Javier Bardem, ese actor que cada día se parece más a su madre, va a ser la quintaesencia del maniqueísmo sectario español, estando, como está, en la frontera de la demostración fehaciente, una vez más, de que nadie es profeta en su tierra y es que en España no hemos aún pillado la medianil de nada: somos un país de zanja y trinchera, de blanco o negro, de carne o pescado, de Madrid o Barça, muslo o pechuga, de por delante o por detrás (pis pas).

Parece ser que se le ha allanado mucho el camino al Oscar, aunque en estas cosas de la farándula nunca se sabe, gracias a su papel de asesino remalo en "No country for oldmen", de los Coen, y la opinión pública ya se ha dividido en los dos grupos de siempre: los calvos y los que gastan doble peluca, los que prefieren muslo y los que se decatan por la pechuga.

El primer error es el clásico del papanatismo hispano, ese eterno complejo de inferioridad que adorna a muchos, que parece que es obligatorio alegrarse de que un compatriota triunfe en el extranjero. ¿Por qué?

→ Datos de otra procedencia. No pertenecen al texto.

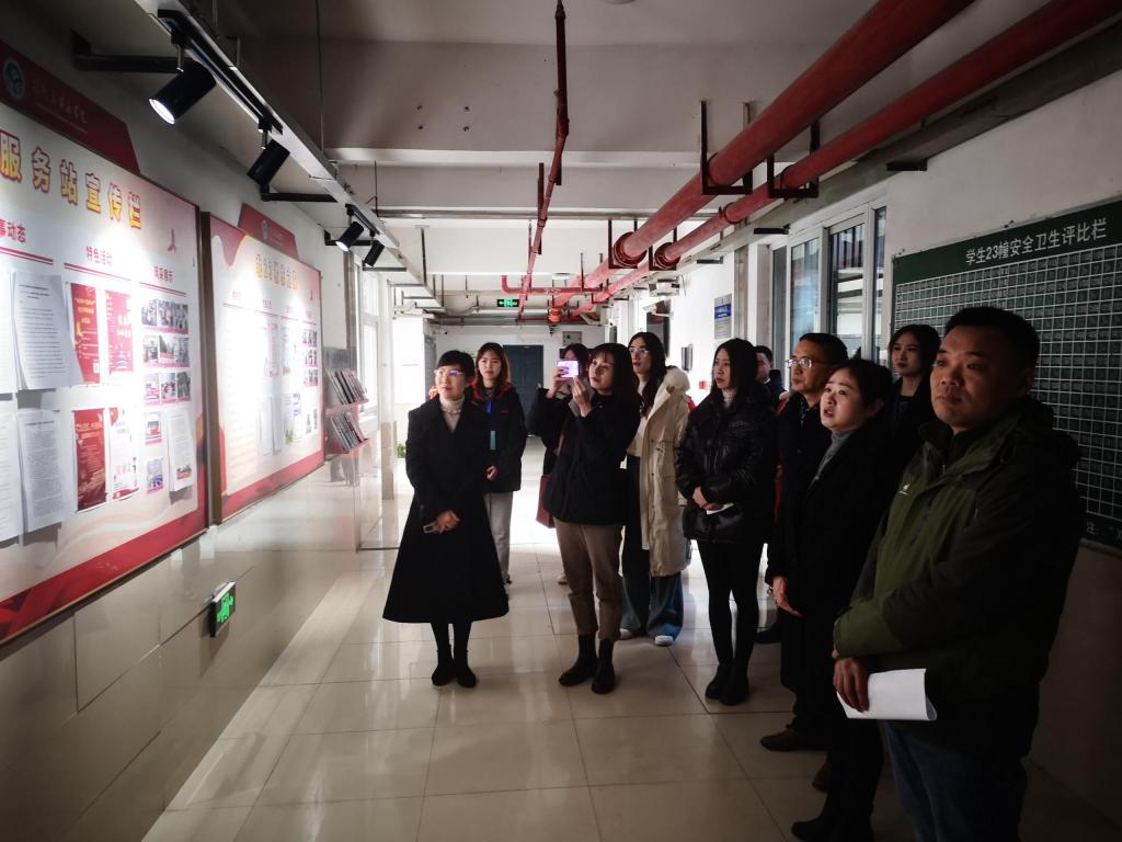 2021年12月20日,重庆市教委文明楼栋评审组专家莅临公司新北23栋宿舍区例行文明楼栋评选工作,太阳成集团tyc234cc谭彩荷副书记、学团办辅导员老师以及楼管会及党员服务站干部同学陪同检查。
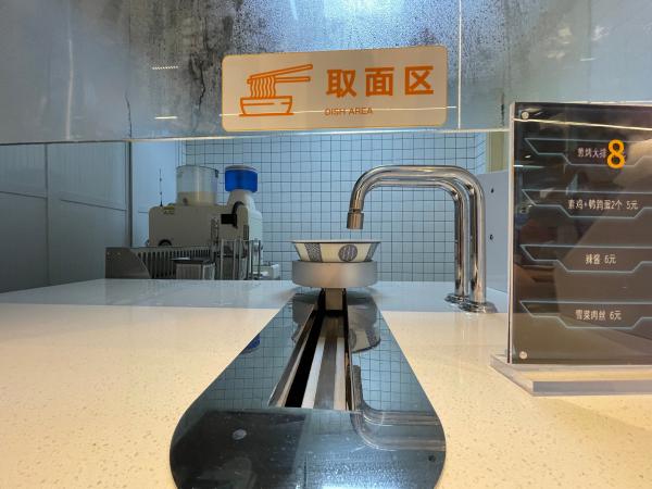 记者采访当天,杨阿姨给自己点了一碗大排汤面。在工作人员指导下,她把碗放置在取餐处,厨房中便传来轻轻的机器启动声,雪白的面条现场压制后落入沸水烹煮,由机器人倒入面碗后再倒入汤料。杨阿姨端起盛着清汤面的餐盘,挑选了一块葱烤大排作为浇头,紧接着就一步挪位到旁边的支付区,可以刷敬老卡,也可以刷支付宝、微信、数字人民币或现金付款。
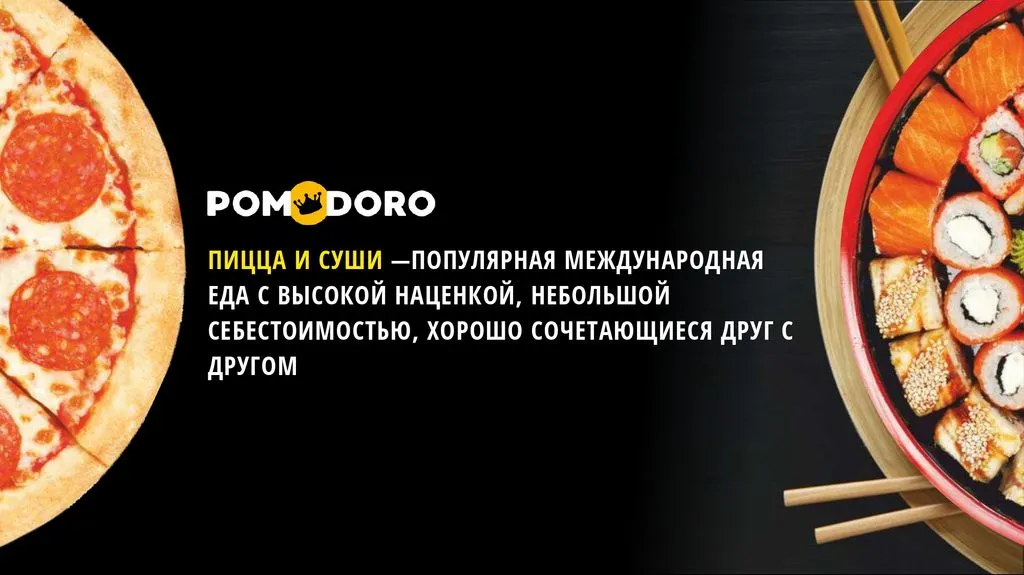 Франшиза Pomodoro – это простой способ открыть заведение, сочетающее итальянскую пиццерию и японский суши-бар, с готовым сервисом доставки.
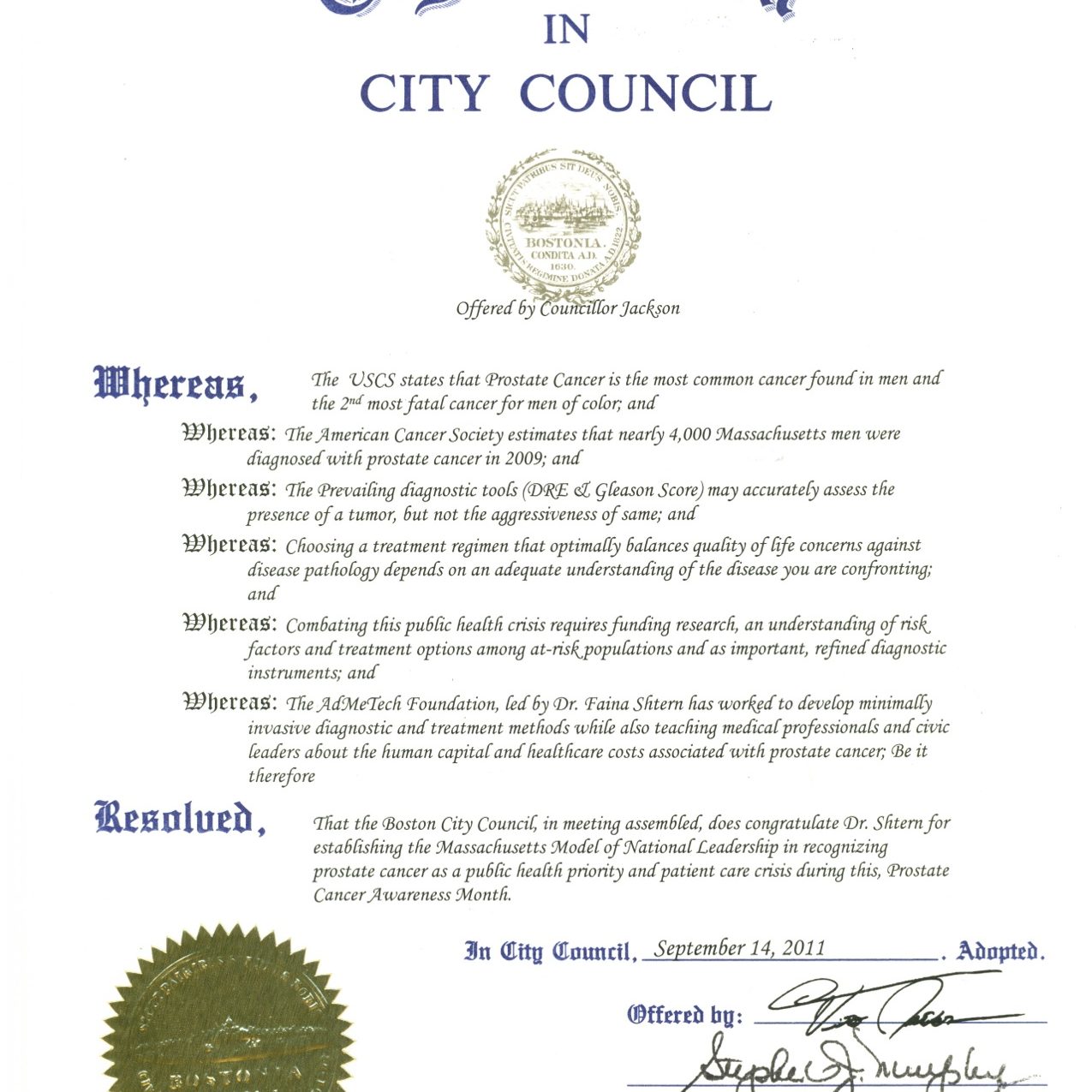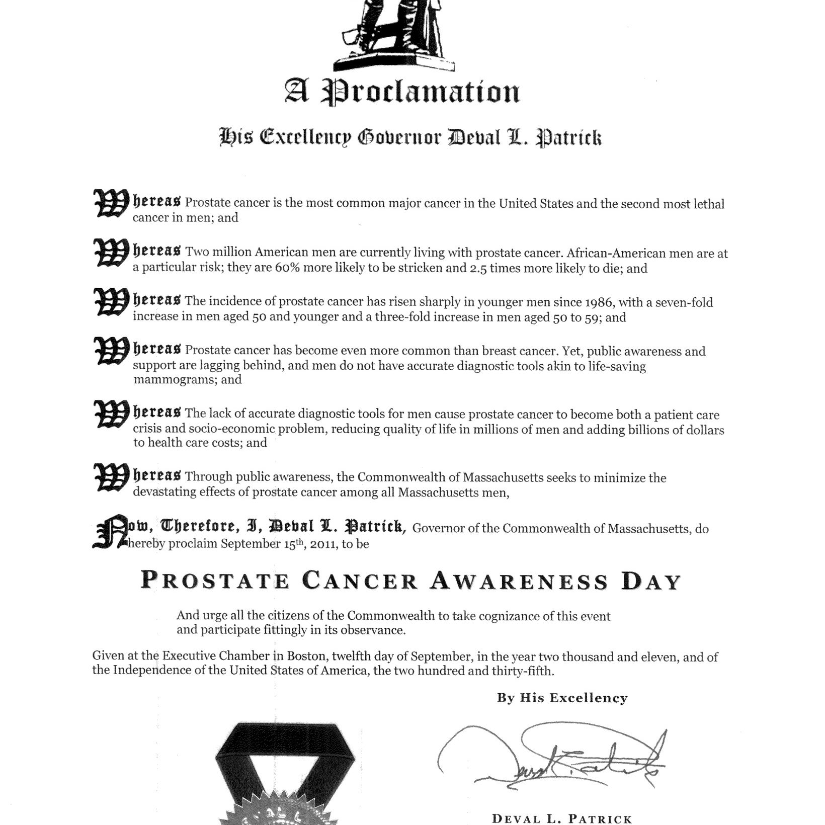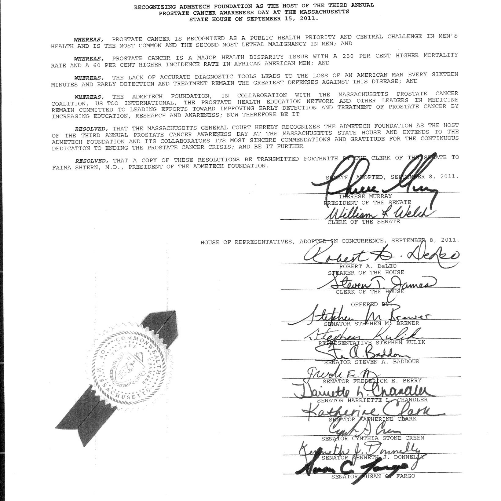On September 15, 2011, AdMeTech Foundation coordinated the third annual Prostate Cancer Awareness Day at the Massachusetts State House. Like the two before it, PCAD 2011 was attended by local legislators and members of the medical and advocacy communities, as well as Mike Milbury, former Boston Bruins player and NBC Sports Analyst, the Master of Ceremonies. PCAD 2011 was presented by AdMeTech Foundation in cooperation with members of the Massachusetts State House, Massachusetts Prostate Cancer Coalition, Prostate Health Education Network and US Too International.
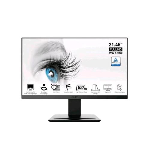 MSI Pro MP223. Dimensioni schermo: 54,5 cm (21.4″), Risoluzione del display: 1920 x 1080 Pixel, Tipologia HD: Full HD, Tecnologia display: LED, Tempo di risposta: 1 ms, Rapporto d’aspetto nativo: 16:9, Angolo di visualizzazione (orizzontale): 178?, Angolo di visualizzazione (verticale): 178?. Montaggio standard VESA. Colore del prodotto: Nero.
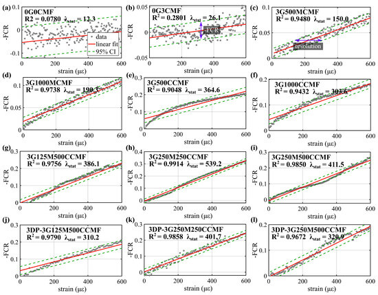 Figure 10a–l plots the -FCR versus strain taken from the 0 to 600 region of the monotonic compressive loading test. This strain range was selected because it is representative of the operational strain in SHM applications, and also because it remains within the elastic region of the material’s behavior, where the piezoresistive response is the most linear and stable, ensuring the repeatability of tests. Plots include a linear fit (red solid line) and its associated 95% confidence interval (CI) bound (dashed green lines). The linearity of the measurements (R2) and strain gauge factor () computed from the slope of the linear fit are identified in each subplot. The presented datasets are taken from the best-performing specimen under each mix design in terms of the linearity of the signal. Table 5 assembles the quantitative three-specimen averaged sensing metrics obtained from Figure 10 under each mix design, where the resolution is defined by the FCR range within the 95% CI and the equivalent strain levels computed using Equation (4), as indicated in Figure 10b,c, respectively, and the accuracy () is computed as the standard derivation of the resolution.

Porque es español, lo que, en principio, no parece ser mérito suficiente para nada especial.

La segundo, más grave, es la de aquellos que no saben separar el ideario político o la actitud personal de alguien de su obra o de su trabajo.

Con todo lo que usted pueda pensar del actor, que se lo tiene más o menos ganado, sobre todo, por ese deje de soberbia del que ha hecho gala cuando ha expresado sus posiciones políticas, por el desprecio que ha demostrado a la posición contraria y, en muchos aspectos, por ser un campeón lamentable de la corrección política (como cuando dijo, cara a la galería, que para interpretar a ese malo psicópata se había inspirado en George Bush), Bardem es un actorazo. Punto.

Yo no he visto "No country for oldmen", pero, por lo que he leído, el tío lo borda: como malo de película, lo han comparado con Darth Vader (pero sin máscara). Su actuación como Sampedro en la prescindible, torticera, infantil y lamentable "Mar adentro", de Alejandro Imitábar, era lo único bueno de la película. En "Antes que anochezca", película tremenda contra el castrismo y muy, muy recomendable, era genial haciendo del poeta Reinaldo Arenas... Y suma y sigue...

El Globo de Oro se da a actores, no a políticos. Usted puede no estar de acuerdo políticamente con Bardem, pero es un actor como la copa de un pino y si le dan el Oscar, Pepe Blanco no tendrá nada que ver.

En esto del desprecio a intelectuales y artistas por sus ideas políticas, que es una de las formas en que se manifiesta el sectarismo en España, somos unos campeones, aunque desconozco cómo funciona en otros países. Probablemente uno de los tipos más sectarios es Javier Bardem: no sea como él.

Enhorabuena por ese Globo de Oro merecido.

X. Bea-Murguía ( yo, por cierto, soy de muslo...)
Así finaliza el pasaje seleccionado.